Однако перед тем, как за тобой и твоим боссом из Вальгаллы прибудут валькирии, вы оба сослужите мне добрую службу. Выдернув из кармана носовой платок, я тщательно протер лезвие заточки, затем этим же самым платочком обернул рукоять эсэсовского кортика, который висел в ножнах на поясе у покойного генсека Аненербе, извлек ножичек и аккуратно сунул его в скрюченные пальцы шарфюрера. Заточку пришлось спрятать до времени в выдвижной ящик стола. Игру я затеял весьма рискованную, но она стоила свеч. После убийства Зиверса мне нельзя просто так смыться. Если я, конечно, хочу продолжать служить Родине, а не ныкаться по лесам.
Придав телам дохлых фашистов соответствующее разыгравшейся драме положение, я отпер кабинет, выскочил из него и заблажил, что есть мочи:
– Помогите! – на немецком, само собой.
Застучали сапоги и вскоре в кабинет ворвалась охрана.

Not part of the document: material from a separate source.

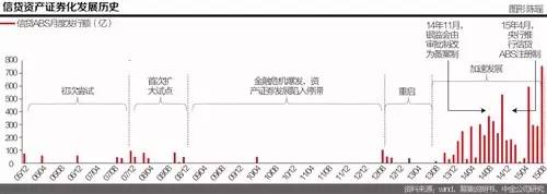 目前國(guó)內(nèi)ABS三種實(shí)現(xiàn)形式中,由央行和銀監(jiān)會(huì)統(tǒng)一協(xié)調(diào)監(jiān)管的金融機(jī)構(gòu)信貸資產(chǎn)證券化(發(fā)行人以銀行為主)發(fā)展最為成熟,市場(chǎng)規(guī)模也最大。中國(guó)的信貸資產(chǎn)證券化試點(diǎn)始于2005年,2007年下半年正當(dāng)信貸資產(chǎn)證券化試點(diǎn)擴(kuò)大時(shí),美國(guó)次貸危機(jī)爆發(fā),ABS遂被叫停。直到三年后才重啟。2014年11月,銀監(jiān)會(huì)推出信貸資產(chǎn)證券化備案制,2015年4月央行推行信貸ABS注冊(cè)制。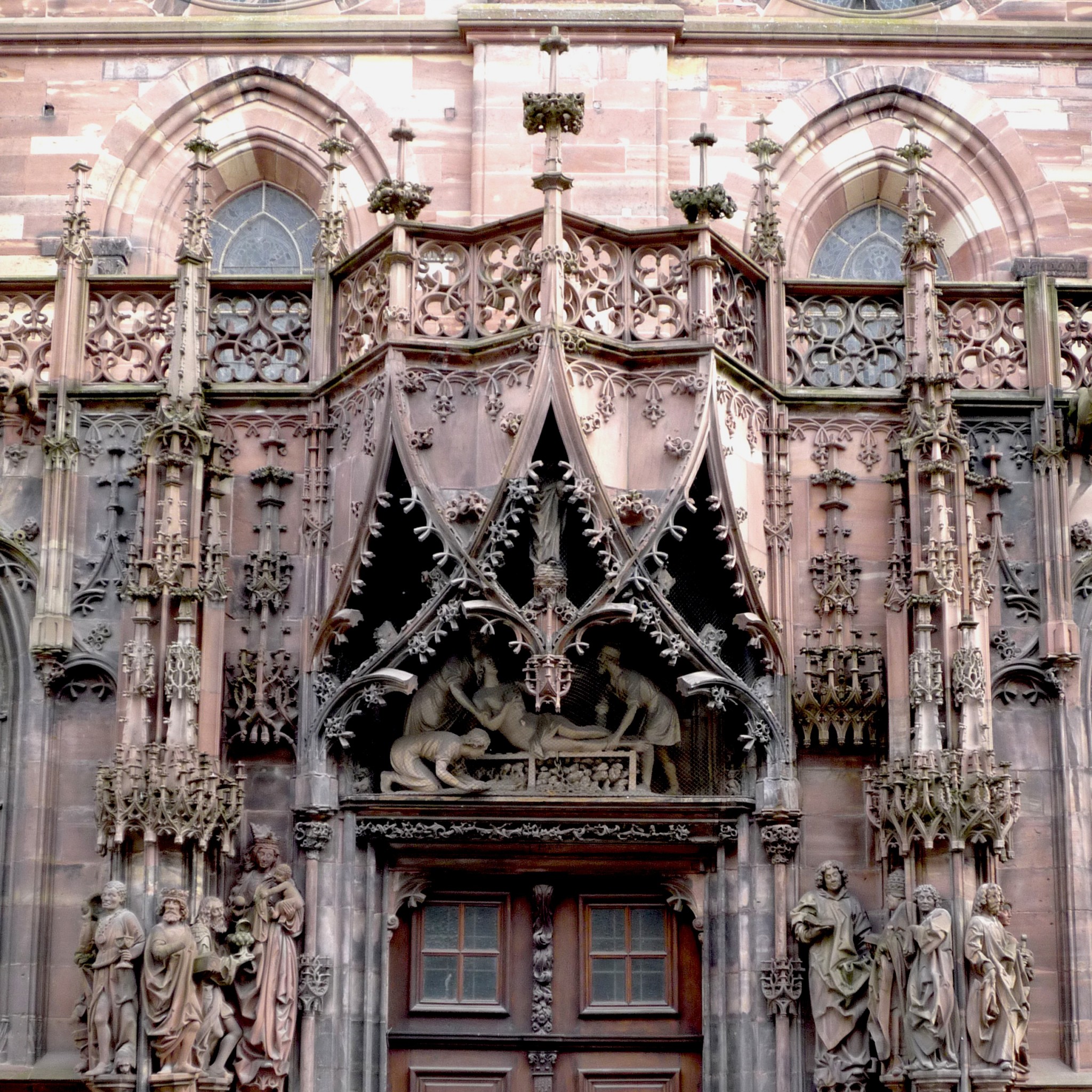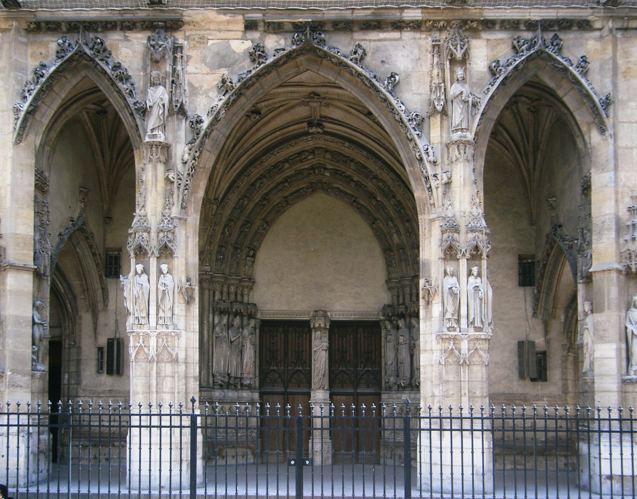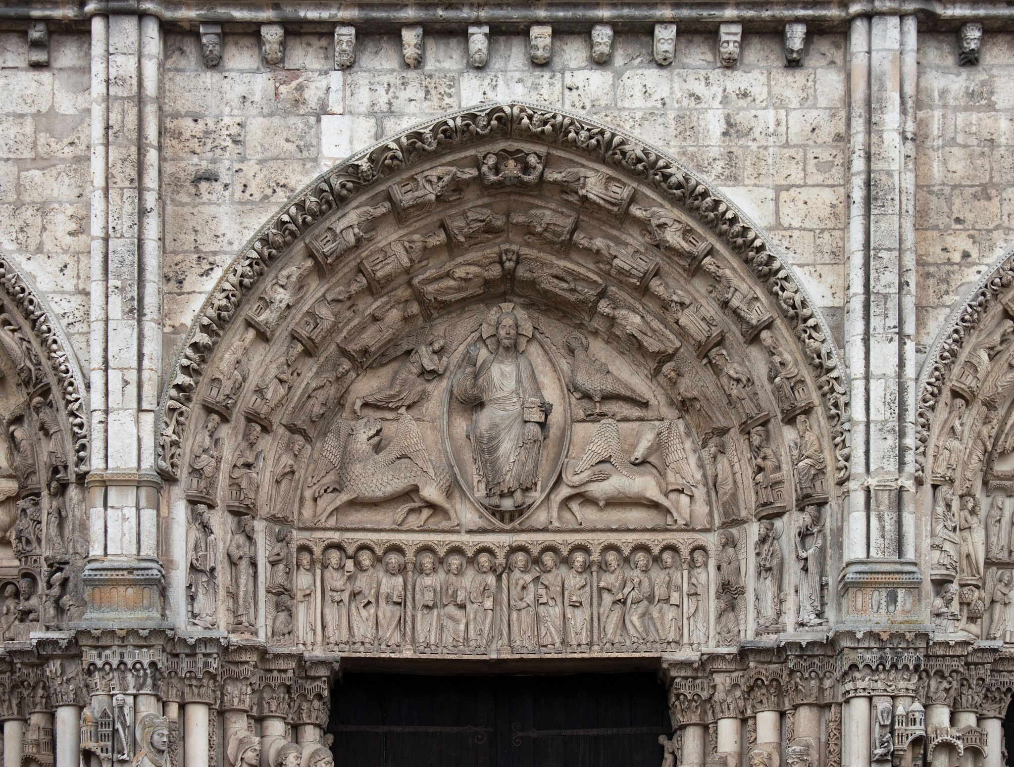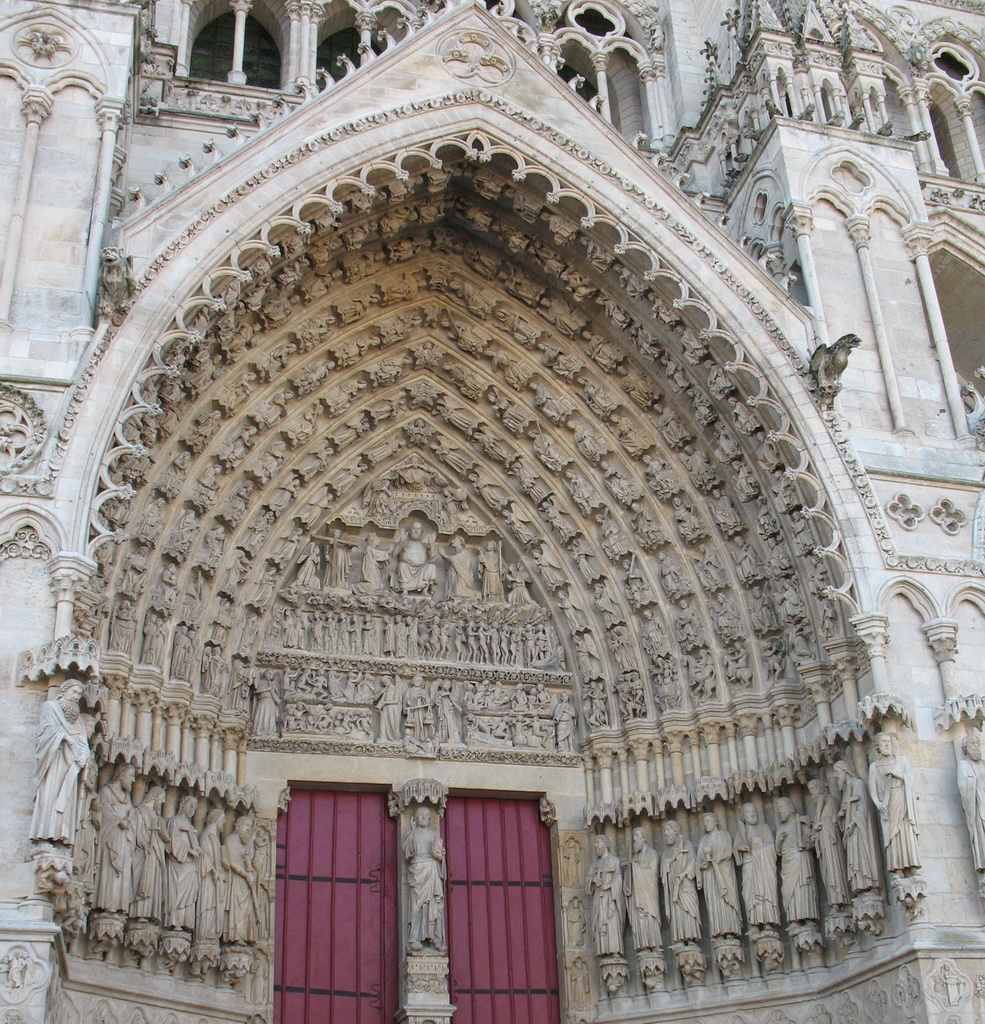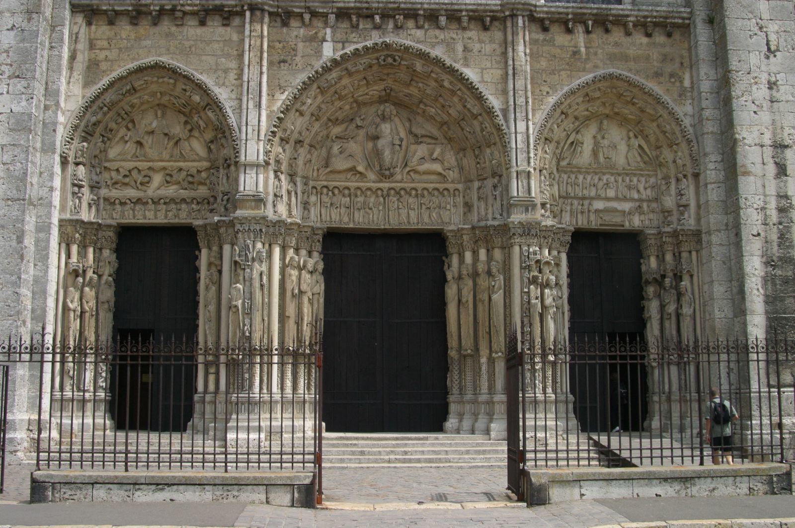 Портал. Про архивольты с вимпергом читали? Вот все это вместе с дверями, тимпаном (о нем речь чуть позже) и еще целой кучей архитектурных излишеств составляло портал. Одна из самых эффектных и ярких частей наружного декора готического собора. Нередко на одном фасаде красовались сразу три роскошных портала, как, например, в Соборе Парижской Богоматери или в Шартрском соборе.

Меня отпихнули в сторону. Уставились на трупы, один из которых был к тому же в мундире гауптштурмфюрера. Ближайший ко мне солдат рявкнул, приказав поднять лапы вверх, но этим и ограничился. Послышались решительные шаги, и к нам присоединился мой дедуля. Увидев дохлого Зиверса, он побледнел, обвел диким взором помещение, узрев меня, попытался что-то то ли спросить, то ли приказать, но челюсти его клацнули, не в силах выдавить ничего, кроме нечленораздельного воя. Видя, что Анхель Вольфзауэр не в силах сформулировать вопрос, слово взял фельдфебель из охраны:
– Что здесь случилось?!
Ну наконец-то!
– Я-я… Не знаю… – залопотал я. – Господин офицер изволили показать господину шарфюреру свой ножик… Тот взял его и… Захрипел вдруг, затрясся… Упал на господина офицера… И потом… Они оба упали… Вот…
– Это похоже на правду! – вдруг произнес Анхель.
Я взглянул на него с изумлением. Куда только подевался этот испуганный гражданский – бледный, с клацающими зубами? Так быстро оправился, или его смятение лишь хорошо разыгранная пантомима? Да кто ты такой, милый дедуля?! Было бы глупо тебя прирезать, так и не узнав твоей тайны. А она у тебя есть, по глазам вижу. Да и не стала бы баба Нюра якшаться с обычным нацистским ублюдком. Она скорее бы в петлю влезла. Ведь я ее знаю. Значит, я обязан выяснить подноготную этого молодца. Как ни крути, а нас с ним связывают кровные узы.
– Герр Вирхов был болен, и когда ему становилось худо, не мог контролировать свои движения.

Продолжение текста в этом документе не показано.